Pacman creates its "database" in a subdirectory called "o..pacman..o" in the directory from which you run it. You can run pacman from any directory; however, if you want it to have any memory of what it's done before, you need to run it from the same directory. Thus in the demo, I have users change into the flavor directory; installations are made into locations relative to that directory.

Going the pure pacman route requires that we solve or define away this
absolute path issue,

The possible solution is in the fact that my pacman scripts do not install into absolute locations, but rather in fixed locations relative to the directory where pacman is run.

Note that the user can set up multiple flavor directories in arbitrary locations. As long as the EUPS_PATH has all these locations, it should all work. The user would not have to install the entire stack in every location; she could put just the 3rd party stuff in one location and LSST packages in another, or mix and match arbitrarily. So this mechanism gives you some ability to control the location of installations; the only restriction is that within a "flavor" directory, the location of a package is fixed.

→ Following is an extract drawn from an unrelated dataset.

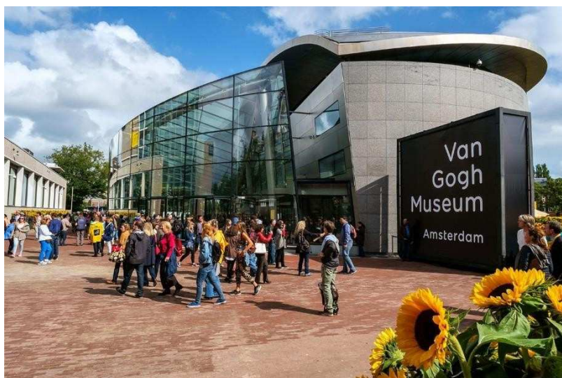
Museu Van Gogh, Amsterdam.

O Rijksmuseum, o MoMA, o Musée d'Orsay ou o museu de Van Gogh são alguns deles. É uma boa forma de aproveitar o isolamento.

and also that we find a way to export the eups
knowledge into the pacman scripts.

Yes, one disadvantage to how I'm currently doing things is that dependencies now exist in two places: the .table file and the pacman script (template). If we can get pacman script to read the .table file, we'd be in business. I don't think this would be too hard.

BTW, to see my pacman scripts, have a look at the contents of
http://monet.ncsa.uiuc.edu/~rplante/lsst/pm. You can probably get the gist of what's going on when you scan the file. (What a developer would create can be found in http://monet.ncsa.uiuc.edu/~rplante/lsst/m4.)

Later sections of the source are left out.